The team had used their model to conclude that search efforts along the priority zone were highly unlikely to achieve success in finding the aircraft. Indeed, with the plane still missing today, the fate of flight MH370 remains a mystery.
[Editor’s note: Since the author’s writing, the search for MH370 has resumed]
Technology Drives Model Advances
For ocean models to have reached this level of sophistication today, the technology driving their development has had to have been wide ranging; from the observational units deployed at sea for acquiring accurate data, to the state-of-the-art supercomputers used to make future predictions.
“Developments on the computer hardware side allows one to use more resources,” says Professor Danilov, “meaning we can explicitly resolve processes that were previously parameterized. There is hope that new computational technologies involving GPUs – Graphics Processing Units – will lead to an increase of model throughput.”
“On the physical side,” he adds, “new data are becoming available through modern technology, helping to better tune or constrain parameterizations used in the models. Satellite altimetry and Argo floats are of particular importance.”
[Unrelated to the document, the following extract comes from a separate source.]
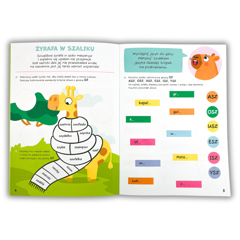Zabawy logopedyczne. Kapibara Loguś. Ćwiczę łamańce to barwnie ilustrowana, pełna urozmaiconych i zabawnych treści książeczka z ćwiczeniami logopedycznymi dla 5-latków. Poszczególne zadania, opracowane przez specjalistkę, wspierają dzieci w poprawnej wymowie głosek szeregu szeleszczącego: SZ, Ż, CZ, DŻ.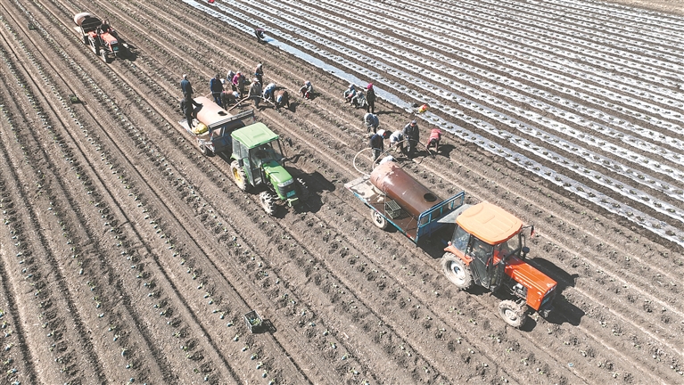 通往新華鄉(xiāng)的道路兩側(cè),儼然一幅動(dòng)態(tài)的農(nóng)事畫卷:拖拉機(jī)“突突”作響,拉著水罐在田壟間穿梭;菜農(nóng)們分工默契,有人鋪設(shè)地膜,白色薄膜在黑土地上延展成浪;有人彎腰移栽,鮮嫩菜苗被小心植入土中;有人手持水管緊隨其后,清水汩汩滋潤著新苗。覆膜、栽苗、澆水,動(dòng)作連貫流暢,田埂間回蕩著農(nóng)具與泥土的碰撞聲,交織成初夏最生動(dòng)的勞作交響。

But Danilov points out that progress in computational power is the main driver at present. Running global models at a high resolution – around one kilometer grid size – is already possible, meaning processes down to that level are being resolved.
“Models that resolve mesoscale motions will become a reality in the foreseeable future,” he says. “But such model runs are still too computationally expensive, meaning they take a lot of time to run and generate a lot of data. So, the distinction should be made between what is possible in principle, and what can be used as a research tool.”
In fact he believes that the future of ocean modeling may follow a similar pathway to that of weather prediction, where ensembles of model runs are performed to get a feeling for multiple potential future states of the ocean – not just one.
“The problem is,” he says, “that even with perfect initial data, there is a horizon of predictability, because after a certain time, prediction becomes more difficult. The ocean has intricate internal dynamics – which are chaotic – and so a numerically simulated ocean will diverge from observations over time.”
“Better numerics and parameterization will improve the ocean’s predicted mean state and variability,” he says. “But the overall computational effort is rather big.”
“So our ability to simulate the ocean will improve, but gradually.”